One of the first things they did was send out a call to action i n an open lettertitled, "Dear American Orchestras." The website lists 60 Black orchestral musicians from around the country who signed it. "We took inspiration from what we'd seen from the theater world and the dance world," said Laing. "We wanted to articulate a point of view and speak to our experience and then also articulate a vision for the future."
Simon Woods, president and CEO of the League of American Orchestras, a lobbying group and the organization that commissioned the 2014 study, said that orchestras in the United States have "traditionally been a pretty white space."
The League has been looking at equity, diversity and inclusion in its ranks. "There is deep urgency in our field for change," Wood said. He added that the League is currently working on an update to their earlier study.
Still, change comes with challenges. For one, the "blind" audition process, meant to avoid bias by having musicians play behind screens, is integral to the creation of gender parity in orchestras, but has not lead to an increase in Black musicians.
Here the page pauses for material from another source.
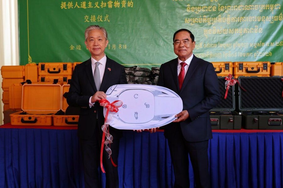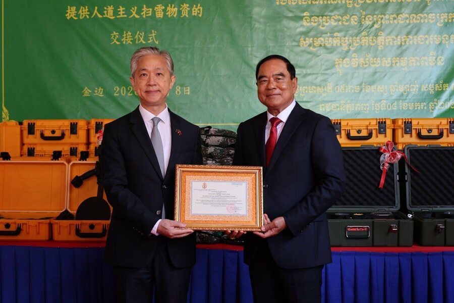 ថ្ងៃទី០៨ ខែមករា ឆ្នាំ២០២៦ នៅទីស្នាក់ការអាជ្ញាធរមីន ឯកឧត្តមបណ្ឌិត លី ធុជ ទេសរដ្ឋមន្រ្តី អនុប្រធានទី១ អាជ្ញាធរមីន និង ឯកឧត្តម វ៉ាង វិនពីន ឯកអគ្គរដ្ឋទូតនៃសាធារណរដ្ឋប្រជាមានិតចិន ប្រចាំនៅកម្ពុជា បានអញ្ជើញជាអធិបតីក្នុងពិធីប្រគល់-ទទួលសម្ភារដែលជាជំនួយរបស់រដ្ឋាភិបាលនៃសាធារណរដ្ឋប្រជាមានិតចិន សម្រាប់កិច្ចប្រតិបត្តិការការងារមនុស្សធម៌ក្នុងវិស័យសកម្មភាពមីននៅកម្ពុជា។ សម្ភារទាំងនោះ រួមមានឧបករណ៍រាវរកលោហៈ ឧបករណ៍និងសម្ភារចាំបាច់ និងរថយន្ត។

The Black Orchestral Network's Arnold said that's because who is hired depends on who is invited to audition.
"A lot of orchestras aren't transparent about the fact that they don't have fully blind auditions," she said. In other words, plenty of those who audition are able to bypass the screen.
The other roadblock to change is a tenure system, which means that job openings are often few and far between. Shea Scruggs, an administrator at the Curtis Institute of Music who formerly played oboe with the Baltimore Symphony Orchestra, said there's no shortage of qualified Black musicians for orchestral jobs, even though many people frame the lack of representation as a problem with the pipeline
"To say we need youth music programs, or it's happening at the conservatory level; basically, to frame challenges around diversity in a way that absolves orchestras from being part of the problem" is an issue, he said.
Because there is a pipeline. The Sphinx Organization, based in Detroit, supports young Black and Latinx musicians, the Gateways Music Festival in Rochester features musicians of color from around the country, and the Baltimore Symphony Orchestra recently appointed Jonathon Heyward, a 29-year-old conductor of color, to take over as music director in the fall of 2023.
Mark Hanson, president and CEO of the Baltimore Symphony Orchestra said that's an excellent step, but the organization needs to better reflect its community: "Not just the orchestra itself, but the staff," he said, "the board, our donors, our partners, and ultimately our audience."
Meanwhile, the Boston Symphony Orchestra is addressing its lack of diversity by creating a Resident Fellowship program for two early career Black musicians this fall. Gail Samuel, the BSO's president and CEO, said she believes diverse voices are essential for the survival of orchestras: "We need to commit ourselves and our organizations to changing the systems, and the structures, and the policies that have excluded Black musicians for far too long."
Black Orchestral Network co-founder Laing said he hopes the questions they've raised will lead to a real change in mindset. "Who is this space for?" Laing asked. "Who is it designed to make comfortable? And whose presence in there upsets that? So, these are the conversations that we're interested in having."